Via Algarviana - Links para outros reports

21.04.09 | daraopedal

Via Algarviana - Rescaldo 1ª etapa

16.04.09 | daraopedal

Cá está o meu relato desta fantástica aventura de BTT que recomendo a qualquer betetista. É minha opinião que qualquer betetista que se preze deve, para além das idas a Santiago de Compostela e a Fátima, carimbar o passaporte com esta aventura...

... que liga Alcoutim, junto ao Guadiana e a Espanha ao cabo de São Vicente, junto a Sagres, atravessando o interior algarvios e os seus encantos (e dificuldades).

A 1ª etapa ligava Alcoutim a Vaqueiros com uma distância prevista de 59 km

O ponto de encontro foi junto ao cais de Alcoutim onde foram descarregadas as bicicletas e as malas.

Tivemos direito a um pequeno-almoço oferecido aos participantes. Foi bom comer mais alguma coisa para armazenar forças para o percurso.

A vista para Espanha junto ao cais do Guadiana...

... onde o grupo se juntou para a "partida oficial" e um pequeno briefing.

Lá seguimos então com o Guadiana em pano de fundo. O grupo era bastante grande, cerca de 40 betetistas, incluindo 3 mulheres. O andamento inicial foi calmo.

Em Cortes Pereira, o pessoal parou logo na primeira tasca que apareceu para beber qualquer coisa. Por lá, encontrei um casal, espanhol se bem percebi, que pareciam estar também numa aventura de bicicleta, mas em autonomia total. Essa era inicialmente a minha ideia para fazer a Via Algarviana, mas felizmente que coincidiu com a organização da Almargem que tratou da logística toda. Assim, só tive de me preocupar em pedalar.

Foto da minha nova "preciouss" - Specialized FSR XC Comp 2009 - junto a um poço em Cortes Pereira.

O caminho era fácil, com bom piso e permitia pedalar tranquilamente. A paisagem por sua vez estava salpicada pela paleta de cores primaveris: branco, verde, amarelo, violeta, cor-de-rosa, ... Esta é sem dúvida a melhor altura para fazer a Via Algarviana. Na primavera, o calor não é tão intenso como no verão e a natureza está em todo o seu esplendor.

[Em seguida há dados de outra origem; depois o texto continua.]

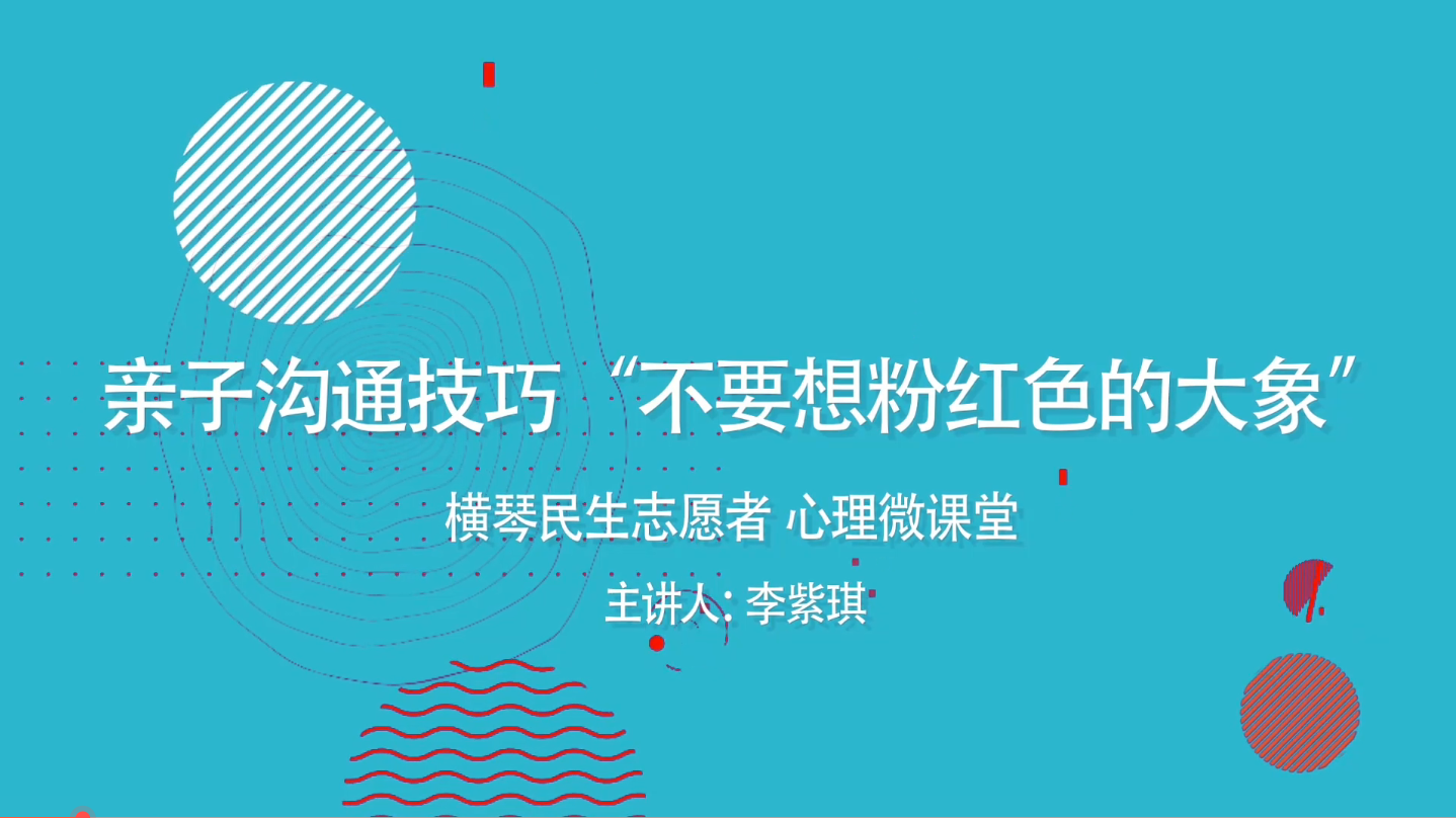 [横琴民生志愿者]心理微课堂——亲子沟通技巧“不要想粉红色的大象”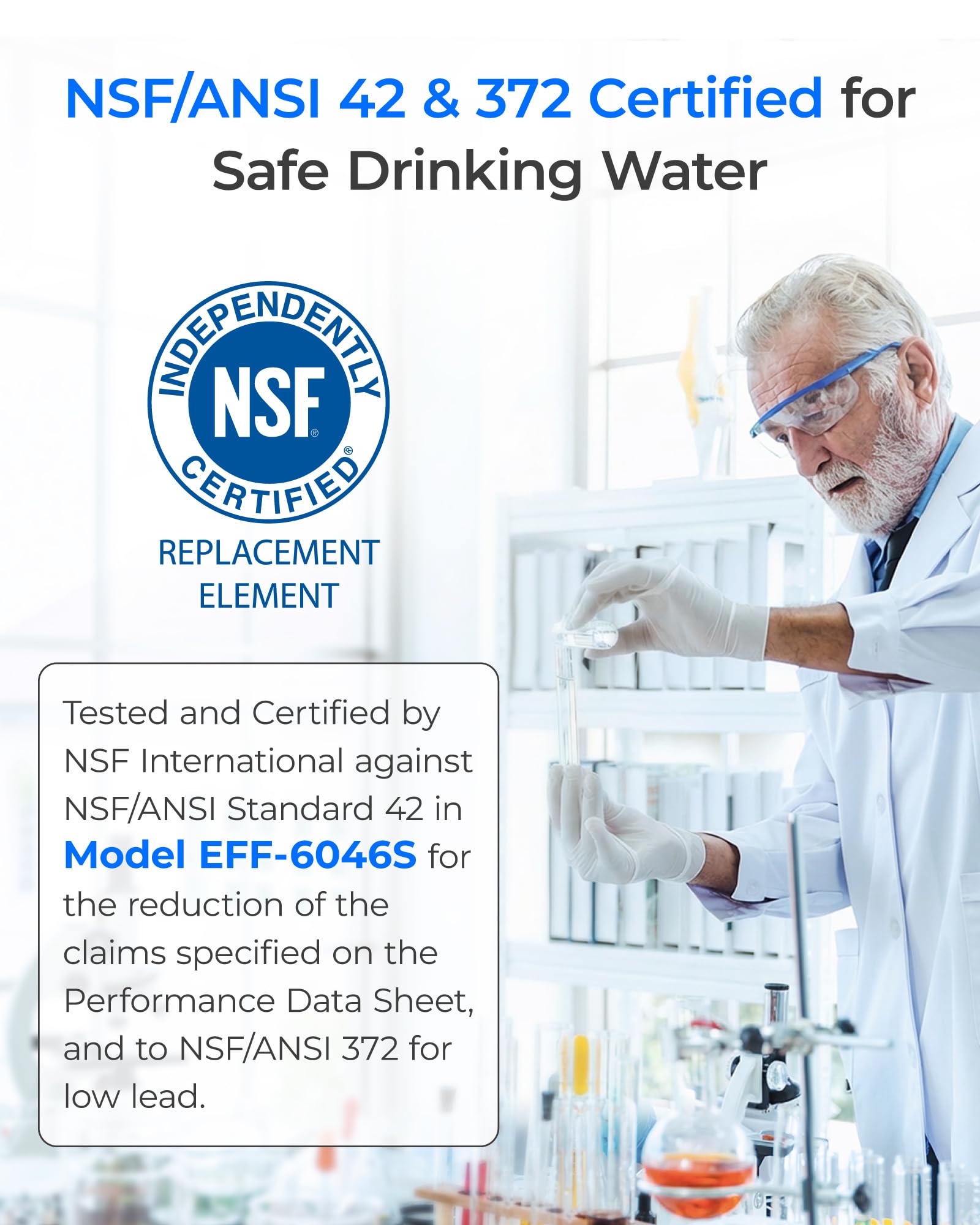 [360°comprehensive protection] Be aware of the claimed certification. Our filters are comprehensively certifiedby the NSF 42&372 test from each components to the filter cartridge as a whole, providing you all-round protection from harmful impurities.

Paragem nos Menires do Lavajo para apreciar este monumento. No local, soube-se que uma das senhoras, a inglesa Sue, que se tinha metido nesta aventura sem prática de BTT (apenas estrada) e com uma bicicleta inadequada, tinha tido uma queda. Foi um grupo para trás prestar-lhe apoio. soube depois que tinha tido uma queda violenta, acabando por ter de receber 3 pontos no joelho e 2 no cotovelo. Depois de ligar para o 112 (que voltou a não funcionar bem), os que esperavam junto dela ainda tiveram um susto, porque ela ainda desmaiou. Acho que tudo acabou bem, mas estou certo que tão cedo não esquecerá as férias da Páscoa de 2009 em Portugal.

Numa aldeia mais adiante, Corte Tabelião, uma pequena curiosidade: umas alminhas (ou um altar) com cortinas!

Ao longo do caminho estavam preparadas algumas surpresas. Aqui, em Corte da Seda (se não me engano), uma mesa posta com bolos (alfarroba? mel?) e licores à nossa espera. Uma paragem impôs-se!

Mais adiante, um outro altar junto ao forno comunitário da aldeia.

O trajecto leva-nos inicialmente para sul até cruzarmos o IC27.

Aqui, passagem debaixo do IC27 que liga Castro Marim a Mértola.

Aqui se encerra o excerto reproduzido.